We engaged one another, not in school learning...but in life-long learning.

Highlights such as these are a testament to the good work being done in schools today, to create authentic learning experiences that move learning beyond the school walls.

So why does this have to stop? doesn't.

The start of a new calendar year tends to invite pressure - to resolve to accomplish new things.

"One day. I will do day."

And it seems that the momentum that inspires this to start becomes an afterthought, sooner, rather than later.

The cliché to do something "one day" has got to be day one.

And there's no sense waiting until January 1 to get started on this mindset, because each and every day presents a new chance to make, "one day", Day One.

To fully commit ourselves to breaking away from learning being a "school thing" and happening one day, there are clear commitments to building a learning culture that embraces Day One thinking:

  1. Surround ourselves with others who both "talk the talk" and more importantly, "walk the walk".
  2. Be intuitive, understanding that each person has his/her own reality for when/how a spark is lit.
  3. Be resourceful and creative, opening pathways, pushing and pulling others towards their passions.
  4. Be patient and willing to keep an open invitation to others, to join a team of passionate and supportive learners.
  5. Be intentional, to drive ourselves to our outer personal limits, and model being fearless learners.
All members of our learning organization seek, demand, and challenge us to meet them where they are. They just ask for us to help in different ways. And we owe it to them, to deliver.

Why? Because we are breaking away from the idea that schools exist to prepare students for a test, for the next grade, or the next school. We are preparing learners to become autonomous, relentless, and compassionate leaders in our local and global communities.

Because that is what the world needs right now - deep, meaningful learning that transcends our school walls.
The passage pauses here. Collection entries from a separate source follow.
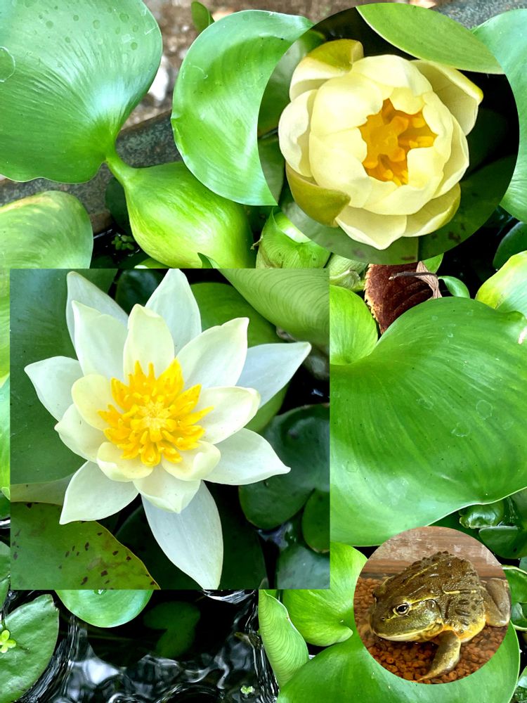 寺院の境内の大きな水鉢にヒツジグサとホテイアオイが共存していました
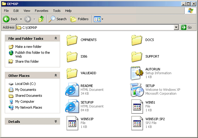 In this example, you can see that the copy of the CD is located at C:\OEMXP.
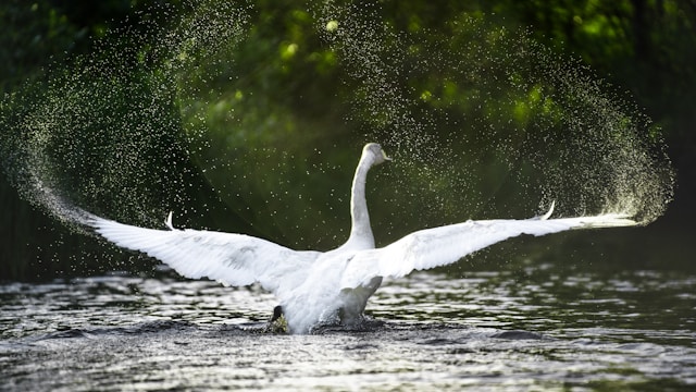 天鵝會盡一切努力保護小天鵝的安全,儘管它們在保護領地時會表現出攻擊性。當這些大鳥注意到威脅時,它們會同時扇動巨大的翅膀並發出嘶嘶聲。如果他們獲勝,他們會用最好的方式透過扇動翅膀來慶祝。
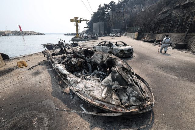 산불은 바다 위까지 덮쳐, 영덕군 노물리 항구에 정박했던 어선 12척도 형체를 알 수 없을 정도로 불에 탔다.

Are we ready to make today, day one?


  1. Excellent post, Dennis. Building a community helps us move away from the view that learning only happens in a certain place. When we see multiple generations working together, when we have learners of all ages competing and collaborating, with positive goals to be met, when we encourage students (and teachers, administrators, and parents) to explore what interests them as a way to further deep learning, then we're helping to show that learning doesn't happen in "a place," in happens throughout "a life."
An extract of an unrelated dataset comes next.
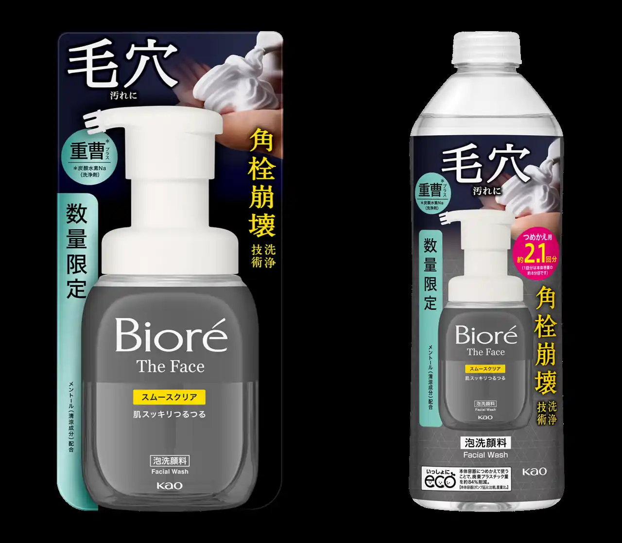 第1弾として重曹*1 配合の洗顔料『ビオレ ザ フェイス 泡洗顔料 スムースクリア プラス』 (本体・つめかえ用)、メントール*2 配合のメイク崩れ対策シート『ビオレ メイク直しシート』 『ビオレ メイク持続シート さらマット肌続く』を2026年4月25日より限定発売します。 |

    Your switch from "one day" to "Day One" is powerful. It puts action at the forefront and signifies the importance of acting quickly, as we never know if there will be another day. Of course, we also want learners of all ages to see the importance of long-term planning. So, "one day" can be helpful too, as long as that "one day" is a benchmark to be met, not an excuse for procrastination. :)

  2. Fred, thanks for the thoughtful feedback. What you wrote about "one day", has me thinking about the work we do for/with learners in regards to goal setting, forward-thinking, and backwards-planning. This is where "one day" becomes where a learner strives to be.

    I believe if we invest the time and energy in children, we can set them up for success, so their "one day" aspiration can become our "day one" motivation.

    Fred, thank you for stretching my reflection, even further.